It's all over now for another year, but once again I have been intrigued by the consistently increasing crowds attending Anzac Day services. And particularly the large presence of children, from babes in arms to teenagers and young adults.
What is it, I wonder, that brings tens of thousands of New Zealanders out, even in the cold and the rain, to attend often outdoor ceremonies in which they ostensibly simply pay tribute to the fallen in two world wars and other conflicts in which our servicemen fought?
There has to be more than that to it, and I am increasingly persuaded that it is a desire on the part of many, particularly the young, to find the sort of anchor that only pride in one's country, its people and its history - nationalism, if you like - can confer.
I suspect there were more people at Anzac Day services on Monday than there were at church services on Good Friday or Easter Sunday, and that alone could provide a clue to the popularity of this annual commemoration.
As Anthony Hubbard put it in a column in the Sunday Star-Times at the weekend, organised religion has been on a long slide in New Zealand and the churches have waned as a public presence.
"Nationalism," he wrote, "supplies some of the needs traditionally met by religion, a sense of continuity, of identity, of belonging to a larger cause, of comfort, of history and purpose ..."
I quote him here simply because I was thinking very much along those same lines and, quite frankly, couldn't have put it better myself. The ceremonies of Anzac Day have become, as one Rotorua Catholic priest puts it, for many a secular liturgy.
Certainly, were any of the fallen of the world wars to pay a visit to New Zealand in the 21st century, one of the things he would notice would be the very small number of children who attend Sunday School - one of the great tragedies of our age.
Back in his day most Kiwi kids were taken or sent to Sunday School, even if only to give their parents a bit of time to themselves. And there they received a grounding in that sense of duty to their fellow man, of nationhood and belonging which propelled them to the recruiting offices because they felt the call to fight "for God, for King and for Country".
It is sad, in a way, that so many have come to depend on the commemoration of Anzac Day to provide, especially for the young, a sense of where they as New Zealanders have come from, what happened and where they are now.
But what else do we have to give a sense of nationalism, of uniqueness, of patriotism? Certainly not Waitangi Day, which always seems to do little but emphasise the divisions that exist between Maori and Pakeha, the gravest and seemingly most insuperable, endless conflict of our time.
Anzac Day, on the other hand, is totally non-partisan. It is something our two races celebrate while standing together, just as our ancestors fought - and died - together in defence of freedom. It is, indeed, an example of how things should always be between us.

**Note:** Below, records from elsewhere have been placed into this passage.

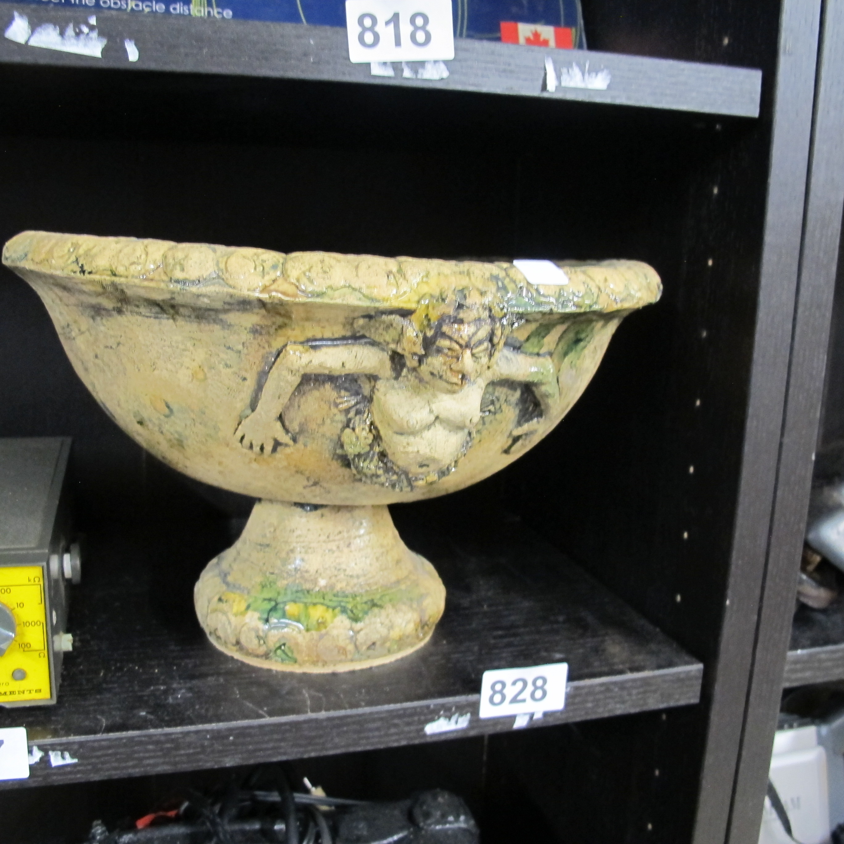 Unattributed Rustic Majolica Style Glazed Earthenware Footed Bowl with Molded Satyr Figure Category: Ceramics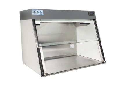 Настольная модель для стерильных работ, изготовлена: столешница и задняя стенка из нержавеющей стали, боковые стенки HPL пластик, защитный экран - стекло с УФ-защитным покрытием.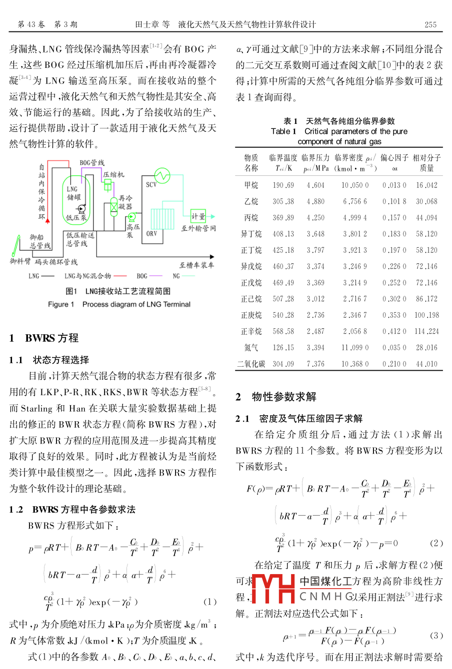 石油與天然氣化工254CHEMICAL ENGINEERING OF OIL gas2014UTILIZATION OF NATURAL GAS AND液化天然氣及天然氣物性計(jì)算軟件設(shè)計(jì)田士章陳帥楊波2天然氣及其凝液的利用(1.中石油大連液化天然氣有限公司2.中海廣東天然氣有限責(zé)任公司)摘要液化天然氣(LNG)及天然氣(NG)物性計(jì)算是LNG接收站生產(chǎn)、運(yùn)行的基礎(chǔ)。雖然國(guó)外已有很多商業(yè)軟件可以計(jì)算其物性,但大多價(jià)格昂貴且應(yīng)用復(fù)雜。因此,以BWRS方程為理論基礎(chǔ),在 Forcecontrol v7.0平臺(tái)上設(shè)計(jì)出一款應(yīng)用簡(jiǎn)單,且能夠滿足LNG接收站需求的物性計(jì)算軟件。通過(guò)將大連LNG接收站實(shí)際運(yùn)行數(shù)據(jù)及 Aspen Plus計(jì)算數(shù)據(jù)與此軟件計(jì)算數(shù)據(jù)進(jìn)行對(duì)比,得到一些典型物性的相對(duì)誤差;同時(shí),通過(guò)實(shí)例計(jì)算以驗(yàn)證其可靠性。結(jié)果表明,該軟件能較為準(zhǔn)確地計(jì)算LNG及NG物性,并且能很妤地滿足LNG接收站物性計(jì)算的需求關(guān)鍵詞液化天然氣天然氣LNG接收站物性計(jì)算BWRS方程 Forcecontrol v7.0計(jì)算軟件中圖分類(lèi)號(hào):TE626.7文獻(xiàn)標(biāo)志碼:ADOI:10.3969jsn.1007-3426.2014.03.008Design of liquefied natural gas and natural gas properties calculation softwareTian Shizhang, Chen Shuai, Yang Bo(1. Petro China dalian liquefied Natural Gas Com p any Limited, Dalian 116600, Liaoning, China)(2. Guang dong Natural Gas Co., Ltd, CNOOC, Zhuhai 519015, Guangdong, China)Abstract: The production and operation of LNG terminal are based on liquefied natural gas(LNG)and natural gas (NG) properties calculation. Although there are many foreign commercial softw ares w hich can calculate the properties, most of them are expensive and complexTherefore, BWRs equation as the theoretical basis, the properties calculation software is designed based on the Forcecontrol V7.0 softw are platform w hich is simple and can meet the needsof LNG Terminal. By comparing the data of the actual operation in Dalian LNG Terminal calculated data by Aspen Plus and by this softw are, relative errors about some typical properties havehile. the reliability of the calculples Resuluts of lng andNG properties and can well meet the properties calculation needs of LNG TerminalKey words: liquefied natural gas, natural gas, LNG Terminal, properties calculation, BWRSequation, Forcecontrol V7.0, calculation softw areLNG接收站主要用于接收、儲(chǔ)存和氣化LNG,槽車(chē)和高壓泵;至槽車(chē)的LNG直接由槽車(chē)至用戶,并通過(guò)外輸天然氣管道向用戶提供天然氣。LNG而高INC重壓,輸送至氣化器將接收站工藝流程簡(jiǎn)圖如圖1所示。LNG由卸料臂LN4中國(guó)煤化工量系統(tǒng)輸送至外輸管CNMHG輸送至儲(chǔ)罐存儲(chǔ),然后通過(guò)儲(chǔ)罐中的低壓泵加壓至網(wǎng)。女收仕吊們赳仼中,由于LNG儲(chǔ)罐自作者簡(jiǎn)介:田士章(1966-),男,工程碩士,高級(jí)工程師,石油儲(chǔ)運(yùn)專(zhuān)業(yè)畢業(yè)。任職于中石油大連液化天然氣有限公司。地址:(11660遼寧省大連市中山區(qū)人民路23號(hào)虹源大廈3409。電話:04118256605E-mal:tsiNg@petrochina.com.cn第43卷第3期田士章等液化天然氣及天然氣物性計(jì)算軟件設(shè)計(jì)255身漏熱、LNG管線保冷漏熱等因素2會(huì)有BOG產(chǎn)a、y可通過(guò)文獻(xiàn)[9中的方法來(lái)求解;不同組分混合生,這些BOG經(jīng)過(guò)壓縮機(jī)加壓后,再由再冷凝器冷的二元交互系數(shù)則可通過(guò)查閱文獻(xiàn)[10]中的表2獲凝為L(zhǎng)NG輸送至高壓泵。而在接收站的整個(gè)得;計(jì)算中所需的天然氣各純組分臨界參數(shù)可通過(guò)運(yùn)營(yíng)過(guò)程中,液化天然氣和天然氣物性是其安全、高表1查詢而得效、節(jié)能運(yùn)行的基礎(chǔ)。因此,為了給接收站的生產(chǎn)表1天然氣各純組分臨界參數(shù)運(yùn)行提供幫助,設(shè)計(jì)了一款適用于液化天然氣及天Table 1 Critical parameters of the pure然氣物性計(jì)算的軟件。B0G管線物質(zhì)臨界溫度臨界壓力臨界密度ρ/偏心因子相對(duì)分子名稱(chēng)/MPa(kmol·m3)自站內(nèi)保冷循環(huán)壓縮機(jī)LNG甲烷190.694.60410.05000.013016.042再冷凝器乙烷384.8806.75660,101830,068低壓量丙烷369.894.2504.99940.157044.094高至外輸管網(wǎng)御船低壓輸送泵|0RV異丁烷408.133.6483.80120.183058.120總管線總管線正丁烷425.183.7973.92130.197058.120御料臂碼頭循環(huán)管線至槽車(chē)裝車(chē)異戊烷460.373.3743.24690.226072.146LNG—LNG與NG混合物—B0G—NG正戊烷469.493.3693.21490.252072.146圖1LNG接收站工藝流程簡(jiǎn)圖正己烷507.283.0122.71670.302086.172Figure 1 Process diagram of LNG Terminal正庚烷540.282.7362.3460.3530100.1981BwRS方程正辛烷568.582.4872.05680.4120114.24氮?dú)?26.153.39411.09900.035028.0161.1狀態(tài)方程選擇氧化碳304.097.37610.36800.210044.010目前,計(jì)算天然氣混合物的狀態(tài)方程有很多,常用的有LKP、P-R、RK、RKS、BWR等狀態(tài)方程58。2物性參數(shù)求解而 Starling和Han在關(guān)聯(lián)大量實(shí)驗(yàn)數(shù)據(jù)基礎(chǔ)上提出的修正的BWR狀態(tài)方程(簡(jiǎn)稱(chēng)BWRS方程),對(duì)2.1密度及氣體壓縮因子求解擴(kuò)大原BwR方程的應(yīng)用范圍及進(jìn)一步提高其精度在給定介質(zhì)組分后,通過(guò)方法(1)求解出取得了良好的效果。同時(shí),此方程被認(rèn)為是當(dāng)前烴BWRS方程的11個(gè)參數(shù)。將BWRS方程變形為以類(lèi)計(jì)算中最佳模型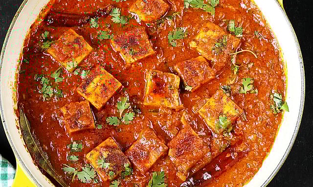 சிறிது தண்ணீர் சேர்த்து 5 நிமிடம் கொதிக்க விடவும். பின்னர் பனீர் துண்டுகளை சேர்த்து மெதுவாக கலக்கி நன்கு வேகவிடவும்.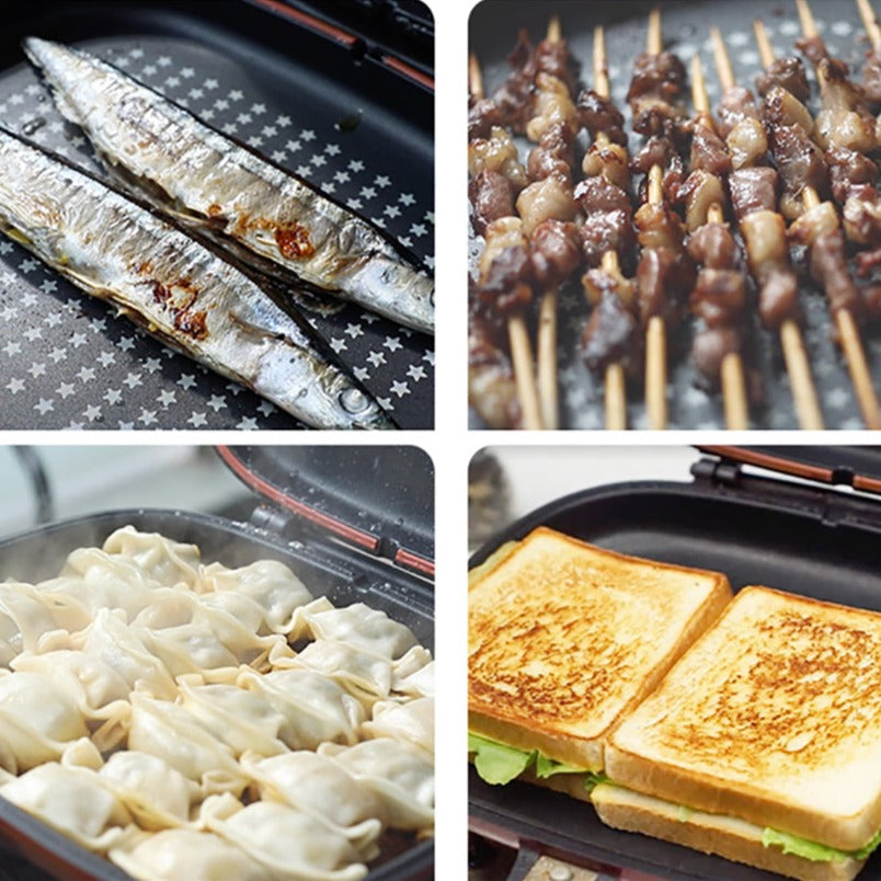 Ambos lados distribuyen el calor proporcionalmente, cocinando a la perfección. Puedes cocinar todo tipo de alimentos: carne, pescado, verduras, huevos, tortitas y mucho más.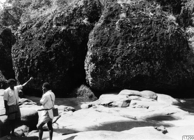 • Motiv: Nere vid Sigatoka-ån. I gamla Nadraus nordligaste del. Där Tui Nadrau badade. 19 oktober 1963. Foto av K.E. Larsson. (katalogkort)

Our success at certain sports - rugby, yachting - doesn't cut it. They are trivial pursuits and our victories but transient causes for celebration. In a world rapidly getting smaller they do nothing to reinforce our sense of national uniqueness.

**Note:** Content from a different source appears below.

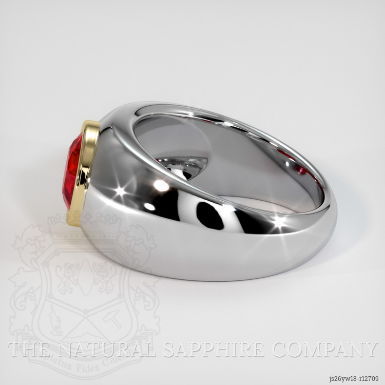 The surrounding 18K white gold band provides a striking contrast to the ruby’s vibrant color, enhancing the gem's presence with a sophisticated and modern appearance. The combination of metals not only augments the ruby’s incredible saturation but also highlights the precision of the cut and the excellent polish. The craftsmanship involved in the creation of this ring ensures that each facet of the ruby is showcased to its fullest potential, displaying its exceptional color and slightly included clarity. The expert metalwork of the 18K yellow and white gold accentuates the pristine clarity and deep hue of the Mozambique-origin ruby, making this men's ring an impressive display of artisanal skill and natural beauty.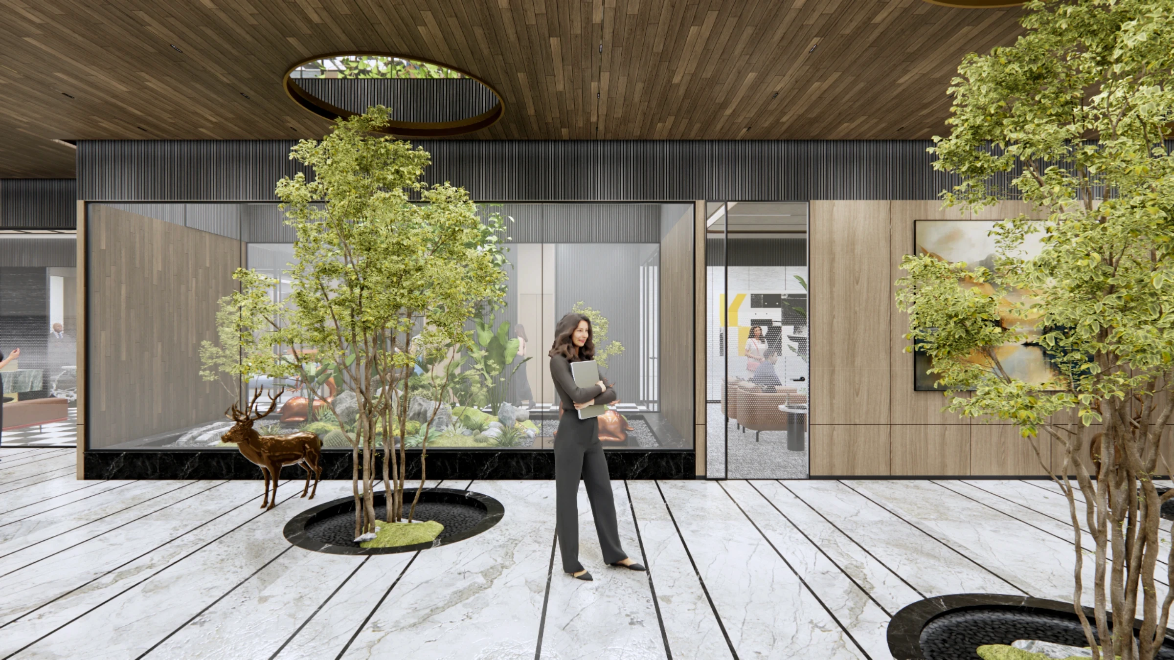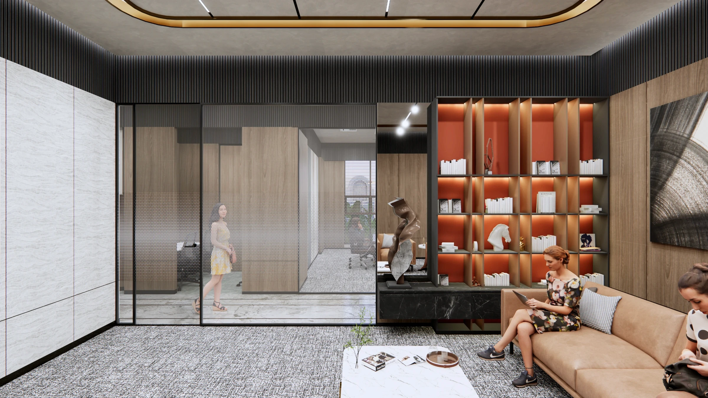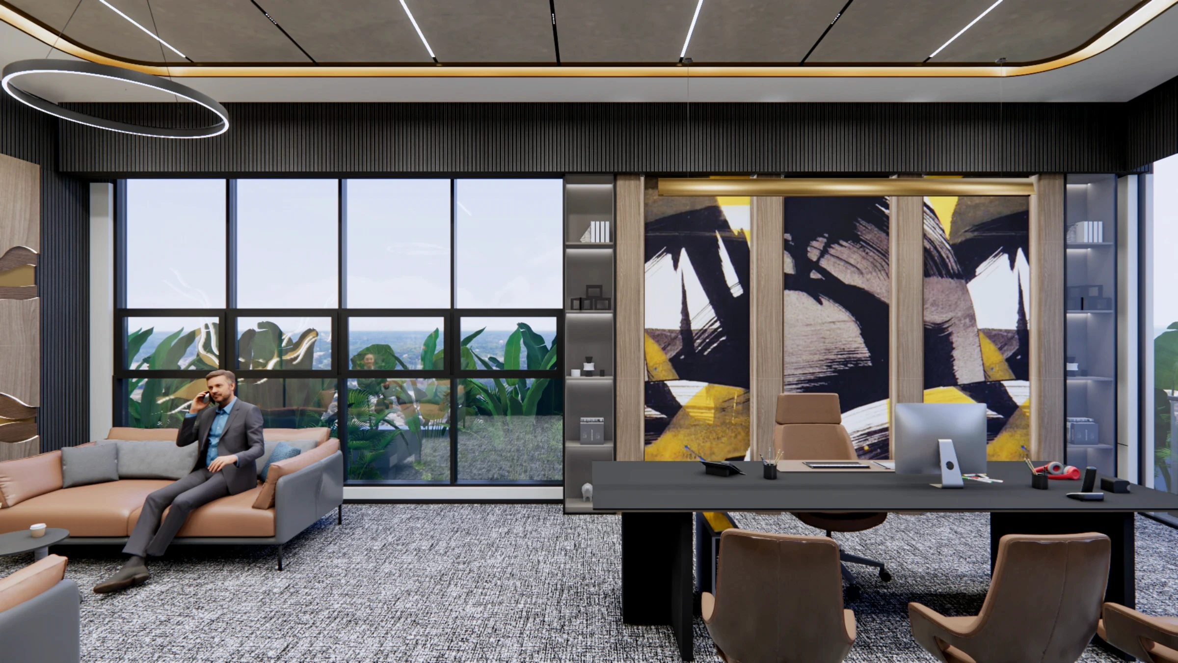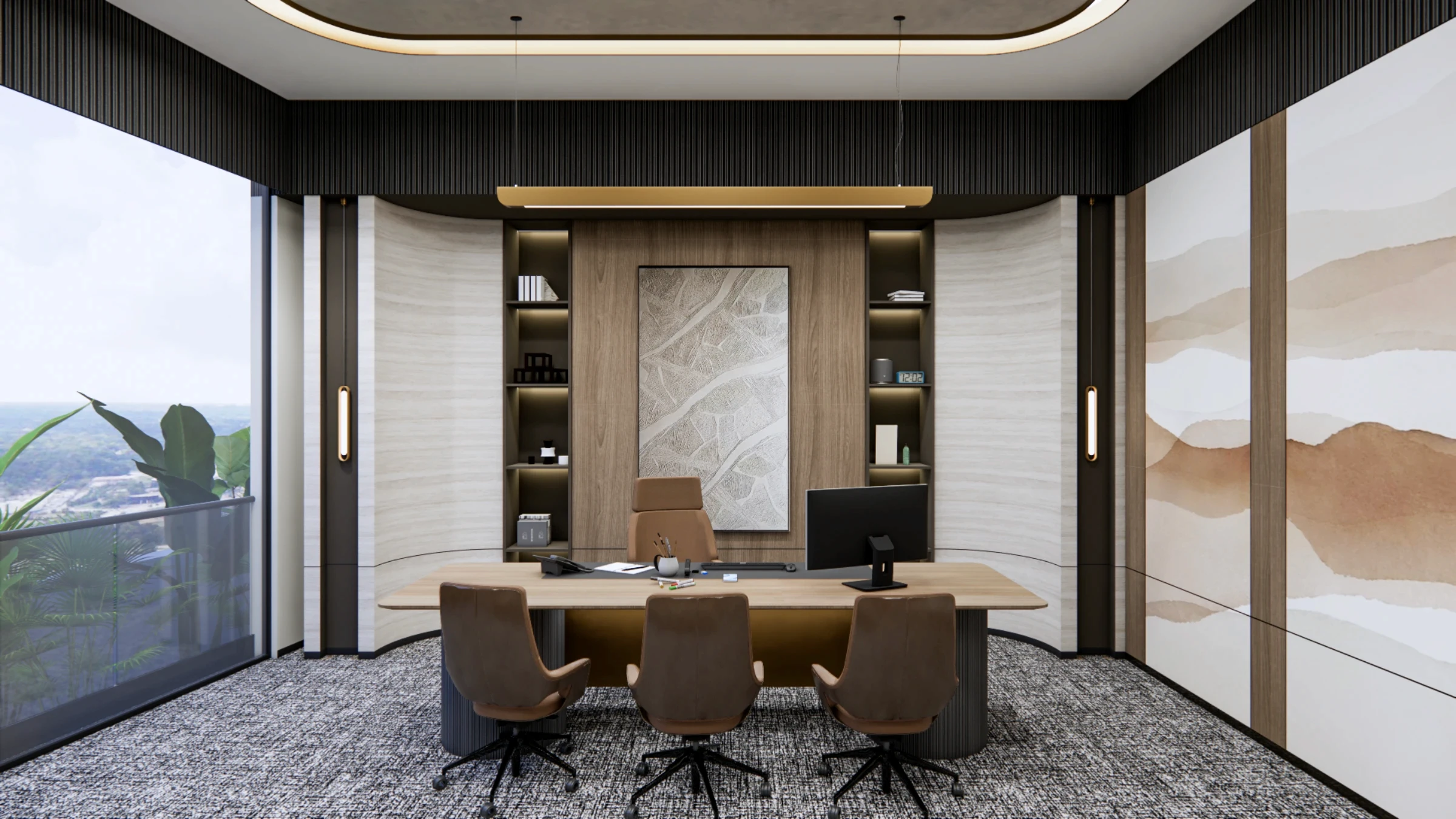 Luxurious, refined office for a high-end client, emphasizing discretion, timeless elegance, and quiet luxury.Elevated materials, meticulous detailing, and a restrained palette create a calm yet powerful environment. Spatial proportions and finishes are curated for privacy, focus, meetings, and executive use, with layered lighting and subtle textures adding depth and warmth.The result is a sophisticated space that blends comfort, exclusivity, and performance.

There are those who have for some years said that Anzac Day is truly our only national day - and they are right. Any attempt, however, to try to "improve" it should be mightily resisted.
There are no Gallipoli veterans left; soon there will be no World War II veterans left. But there will, thank God, always be those who have served or are serving their country in uniform in faraway places and at home to carry on the tradition left to them by those who went before.
One of the most engaging images of Monday's ceremonies was Stephen Parker's picture in our local Rotorua Daily Post of lovely 3-year-old twins Emma and Lucy Powell, bedecked across the front of their hooded rain jackets with medals.
Lucy wore the medals awarded to her father for service with the air force in New Guinea and East Timor at the turn of the millennium; and Emma wore her grandfather's medals earned in World War II.
These two tots have been taken by their father to Anzac services since the year they were born and I rejoice that the future of Anzac Day is secure in the hearts, minds and hands of such as these.
Before I finish I must pay tribute to Maori Television for its peerless Anzac Day programming, from early morning until well into the night. As usual, it was a signal lesson in what public television ought to be.